Saved entries

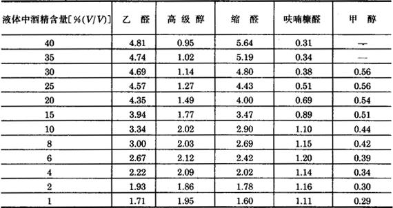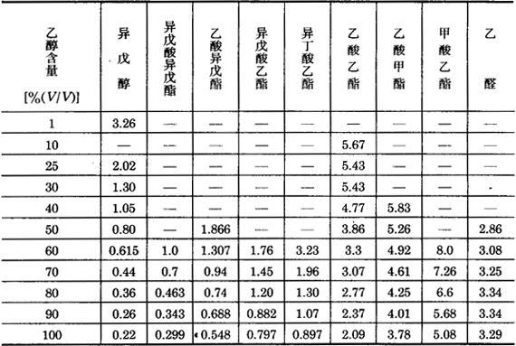表5-3-6 原白兰地中某些混合物的蒸馏系数K′
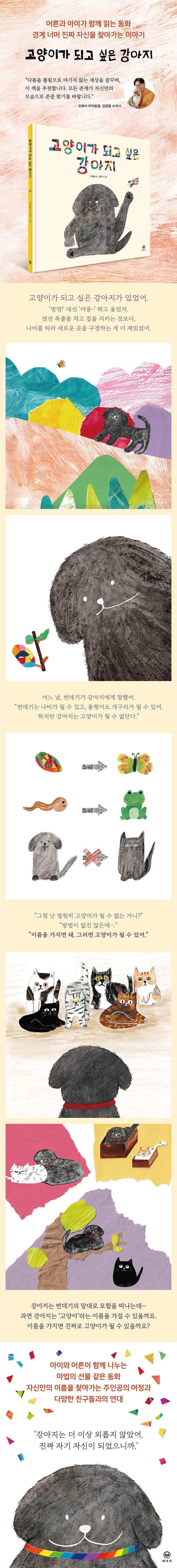 『고양이가 되고 싶은 강아지』는 자신만의 이름을 찾아 나서는 주인공의 여정과 그 길 위에서 만난 다양한 친구들과의 연대를 그린 동화입니다. 관습의 틀을 벗어난 이야기와 경계를 허무는 콜라주 기법이 어우러져, 주인공의 고민과 성장 과정을 생생하고 다채롭게 담아냅니다. 아이들은 물론 자기 자신을 찾고자 하는 어른들에게도 깊은 울림을 전하는 이 책은, 세상이 정해준 이름이 아닌 ‘진짜 나’의 이름으로 살아가고자 하는 모든 존재를 위한 응원의 메시지입니다.
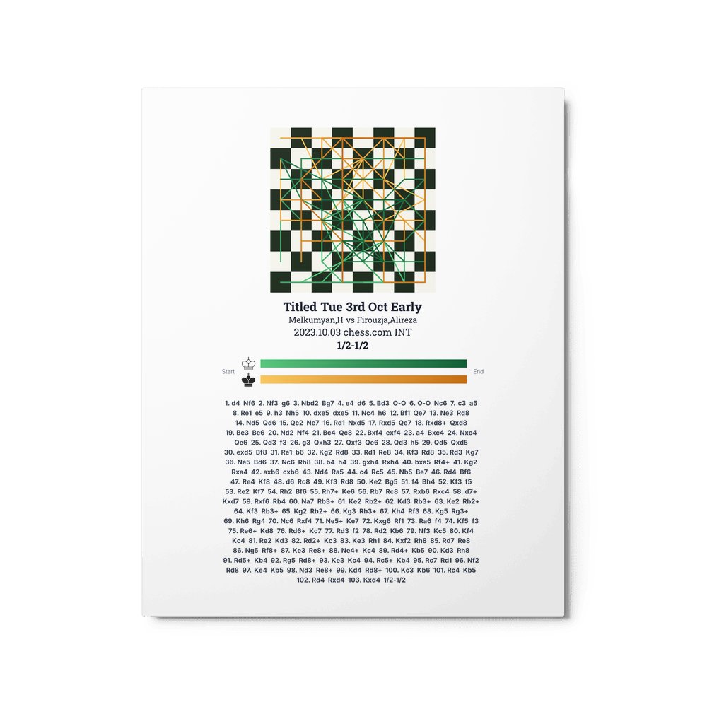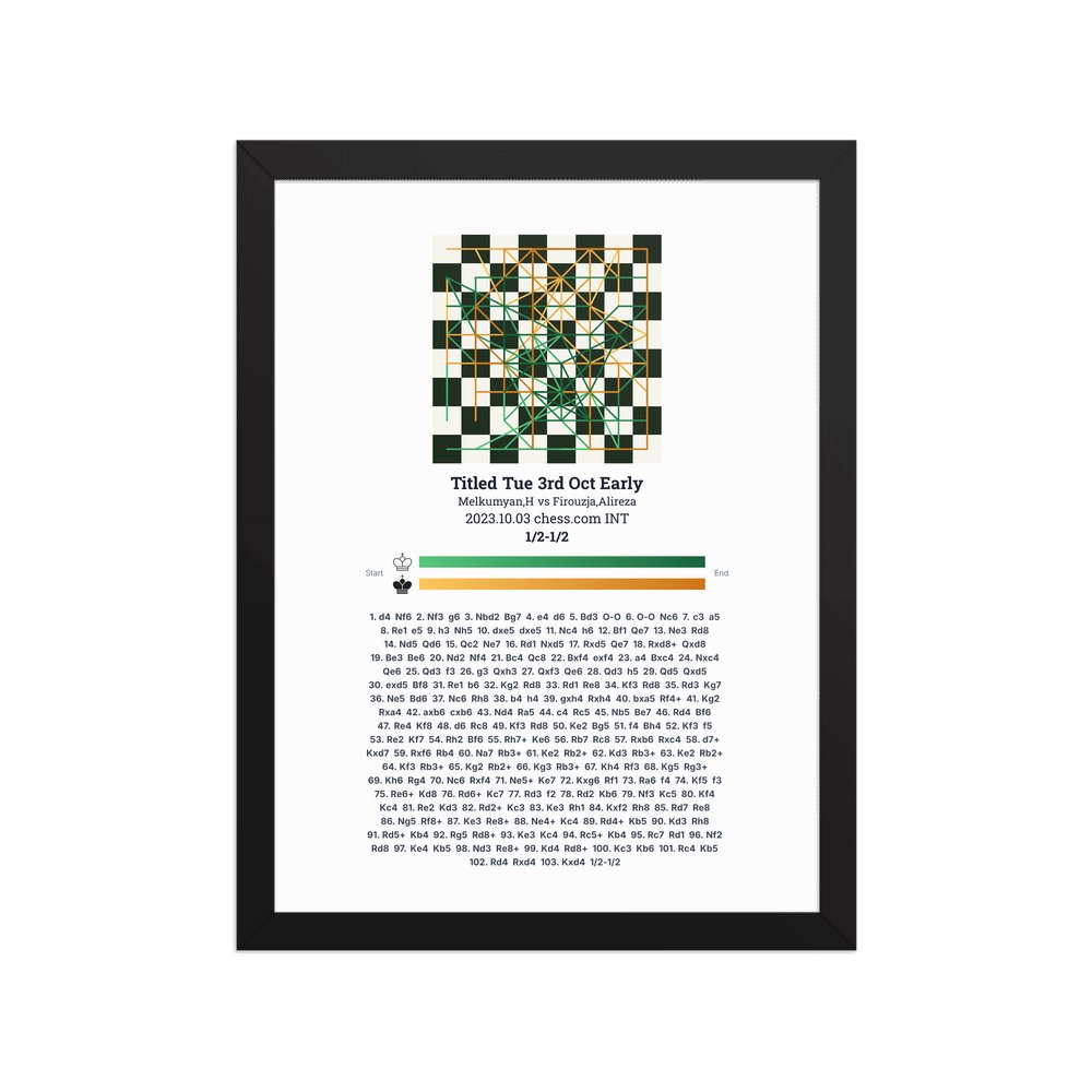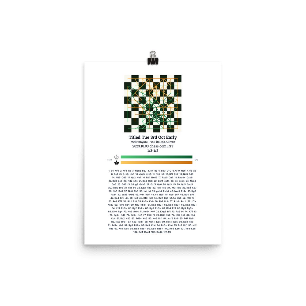 Museum-quality poster on thick, durable matte paper. A sharp, clean look for any chess visualisation.
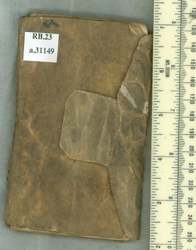 Keywords: Edinburgh almanack, for the year M.DCC.LX. Being leap year, and of the Julian period 6473. Edinburgh - Printed and sold by R. Fleming, and the widow of James Voy in the Advocate's Close, and - Upper cover (RB23a31149 ).jpg Style Pocket book; Caption Upper cover; Colour White / cream; Edge Unspecified exhibition history Decorative Technique Unspecified; Cover Material Parchment may include vellum With flap passing over fore edge and tucking into slit on upper cover Ink ms note on lower cover; Note book of John Reid my great grandfather ob 1811 object history Text 1760; Edinburgh; Unspecified object type Cc-zero place of creation Binding Scotland place of discovery Unspecified British Library image http //www bl uk/catalogues/bookbindings/LargeImage aspx RecordId 020-000017653 ImageId ImageId 56648 Copyright BL Edinburgh almanack for the year M DCC LX Being leap year and of the Julian period 6473 Edinburgh Printed and sold by R Fleming and the widow of James Voy in the Advocate's Close and by the booksellers in town and country 1760 Uploaded with GWToolset Edinburgh almanack for the year M DCC LX Being leap year and of the Julian period 6473 Edinburgh Printed and sold by R Fleming and the widow of James Voy in the Advocate's Close and - Upper cover RB23a31149 http //www webarchive org uk/bldatasets/bindings/rb23a31149 jpg Bookbinding 18th-century bookbinding British Library Bookbindings |
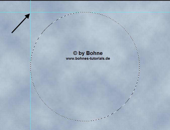 Klicke mit dem Auswahl-Kreuz an der Stelle wo sich die Hilfslinien kreuzen, siehe Bild
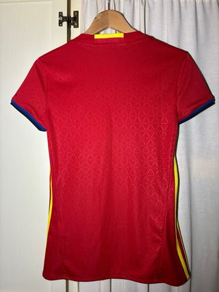 Camiseta de la selección española de fútbol Adidas para mujer. Cuello en V.
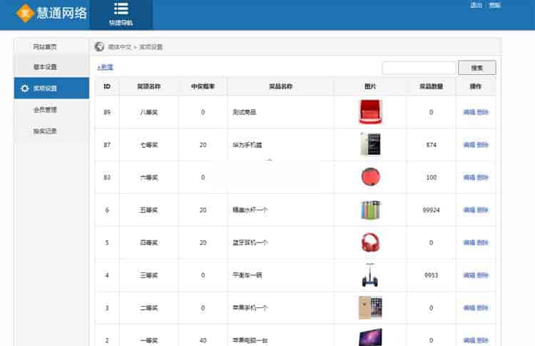 3、后台可以添加奖品图片和设置奖品的中奖概率
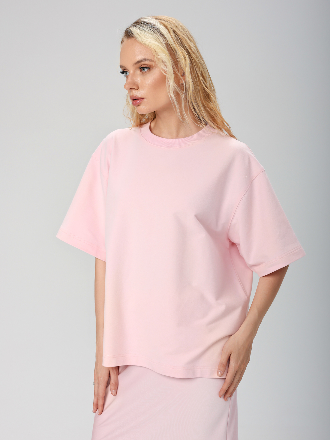 Базовая футболка — идеальный выбор для создания стильных и комфортных образов. Наша базовая футболка в уменьшенном варианте со спущенной линией плеча.
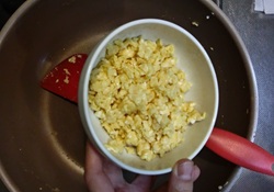 2 細かくなったのでフライパンから引き上げ、器に移す。
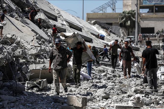 Tòa nhà bị phá hủy sau cuộc không kích của Israel xuống phía Tây thành phố Gaza, ngày 10/9/2025. Ảnh: THX/TTXVN
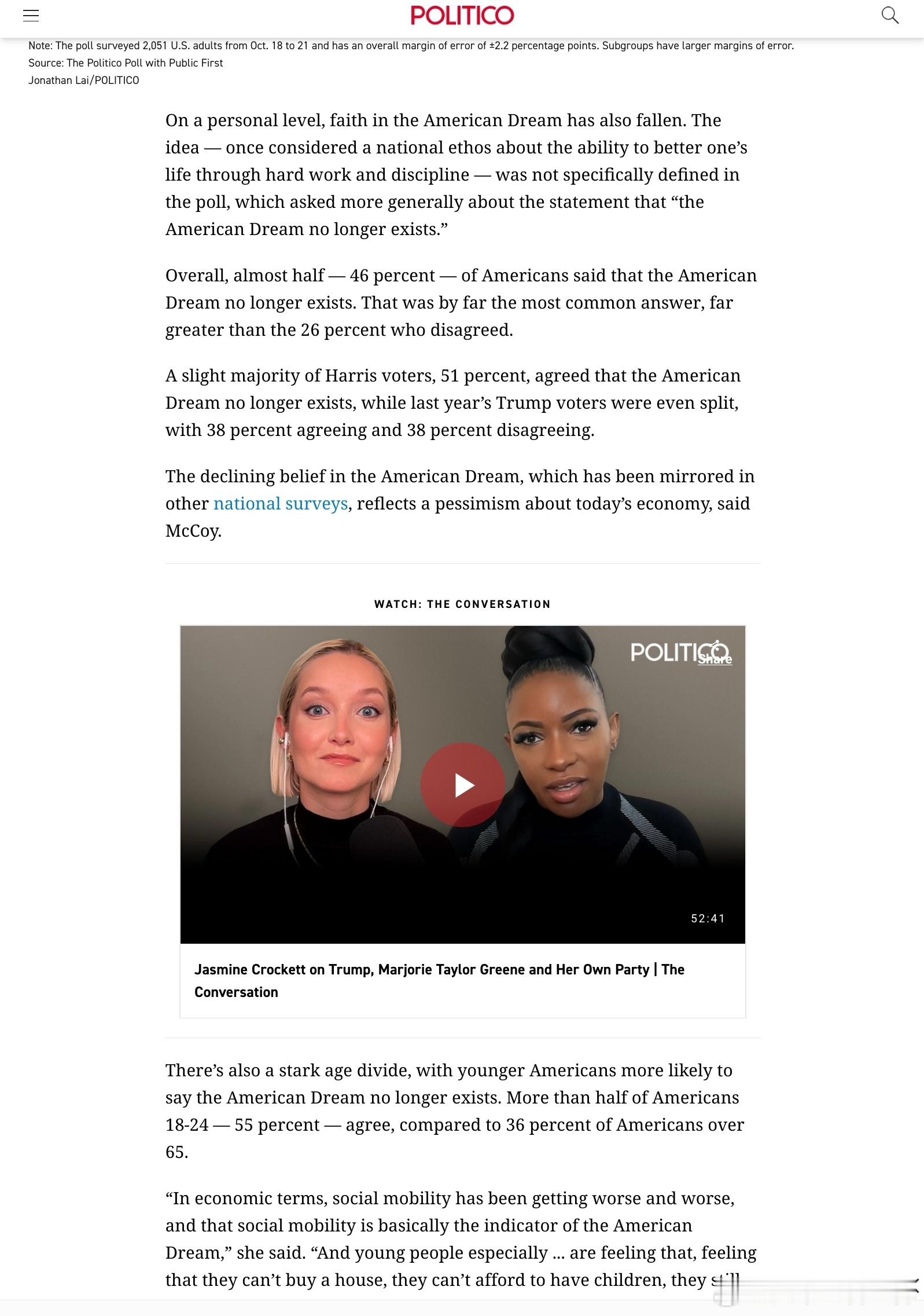 最新民调显示美国人对美国的看法,结果并不乐观。近半数(46%)的美国人认为“美国梦”已不复存在。这是迄今为止最常见的答案,远高于持相反意见的26%。此外,年龄差异也十分显著,年轻的美国人更倾向于认为“美国梦”已经不复存在。超过半数(55%)的18至24岁美国人认同这一观点,而65岁以上的美国人中只有36%的人持相同看法。

What to work on:
Please transcribe, word for word, every line from the one containing "3、后台可以添加奖品图片和设置奖品的中奖概率" through the last line of the records, both included, and leave the pictures out.

Exercise response:
 3、后台可以添加奖品图片和设置奖品的中奖概率
 Базовая футболка — идеальный выбор для создания стильных и комфортных образов. Наша базовая футболка в уменьшенном варианте со спущенной линией плеча.
 2 細かくなったのでフライパンから引き上げ、器に移す。
 Tòa nhà bị phá hủy sau cuộc không kích của Israel xuống phía Tây thành phố Gaza, ngày 10/9/2025. Ảnh: THX/TTXVN
 最新民调显示美国人对美国的看法,结果并不乐观。近半数(46%)的美国人认为“美国梦”已不复存在。这是迄今为止最常见的答案,远高于持相反意见的26%。此外,年龄差异也十分显著,年轻的美国人更倾向于认为“美国梦”已经不复存在。超过半数(55%)的18至24岁美国人认同这一观点,而65岁以上的美国人中只有36%的人持相同看法。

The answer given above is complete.